$\begin{array}{l}{N}_2\left(g\right)+3H_2\left(g\right)\rightleftharpoons 2N{H}_3\left(g\right)\\ 20g5g\end{array}$ Consider the above reaction, the limiting reagent of the reaction and number of moles of NH₃ formed respectively are:

Limiting Reagent in N₂ + 3H₂ → 2NH₃ Reaction

In this chemical reaction:

N₂ (g) + 3H₂ (g) ⇌ 2NH₃ (g

We are given:

• 20 g of N₂
• 5 g of H₂

Step 1: Calculate the Moles of Each Reactant

Moles of N₂ = Mass / Molar Mass = 20 g / 28 g/mol = 0.714 mol

Moles of H₂ = Mass / Molar Mass = 5 g / 2 g/mol = 2.5 mol

Step 2: Identify the Limiting Reagent

From the balanced equation:

N₂ + 3H₂ → 2NH₃

The mole ratio between N₂ and H₂ is 1:3. To react completely with 0.714 mol of N₂, we need:

Required H₂ = 0.714 mol × 3 = 2.142 mol

Since we have 2.5 mol of H₂, which is more than the required amount, H₂ is in excess.
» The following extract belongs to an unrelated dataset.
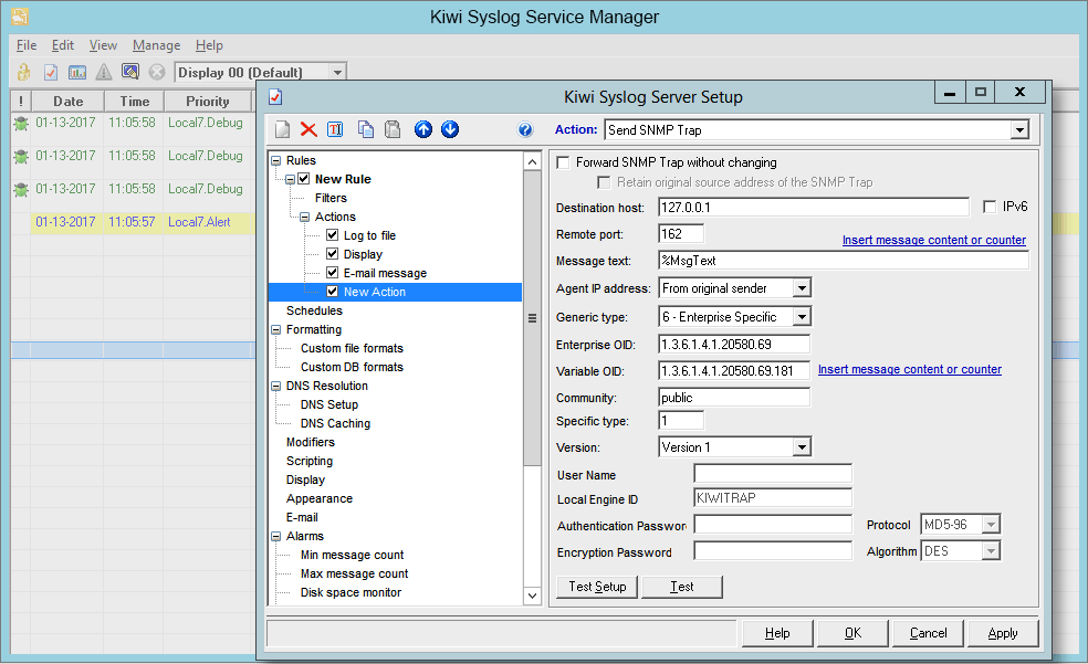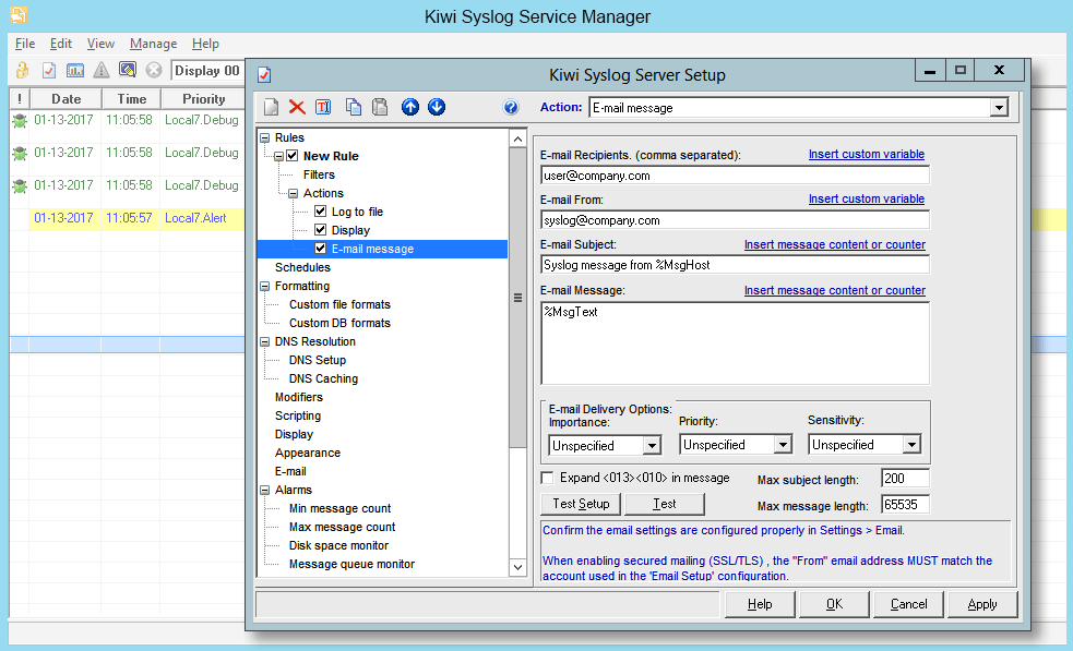 โปรแกรมจัดการข้อความล็อกของระบบ Kiwi Syslog Server มีความสามารถในการตอบสนองต่อเหตุการณ์อันไม่พึงประสงค์ในระบบคอมพิวเตอร์ได้โดยอัตโนมัติ เพื่อไม่ให้เกิดความเสียหายลุกลามใหญ่โต ไม่ว่าจะเป็นการส่งอีเมลหาผู้ดูแลระบบ หรือผู้มีส่วนเกี่ยวข้องโดยอัตโนมัติเมื่อมี Syslog บางประเภทเกิดขึ้น รวมถึงสามารถกำหนดให้มีการรันสคริปต์เพื่อแก้ไขปัญหา รวมถึงกำหนดให้มีการจัดเก็บ Log ในรูปแบบไฟล์ หรือจัดเก็บไว้ในฐานข้อมูล และยังสามารถกำหนดให้เกิดกิจกรรมรูปแบบอื่นๆ ได้อีกมากมาย เมื่อมี Syslog บางอย่างเกิดขึ้น

Thus, the limiting reagent is N₂.

Step 3: Calculate the Moles of NH₃ Formed

From the balanced equation:

1 mol of N₂ produces 2 mol of NH₃

Moles of NH₃ formed = 0.714 mol N₂ × 2 = 1.428 mol

Final Answer:

The limiting reagent in the reaction is N₂ and the number of moles of NH₃ formed is 1.428 mol.

By understanding the steps above, you can easily determine the limiting reagent and calculate the number of moles of ammonia formed in the reaction. This is crucial in stoichiometry problems and helps predict product quantities accurately.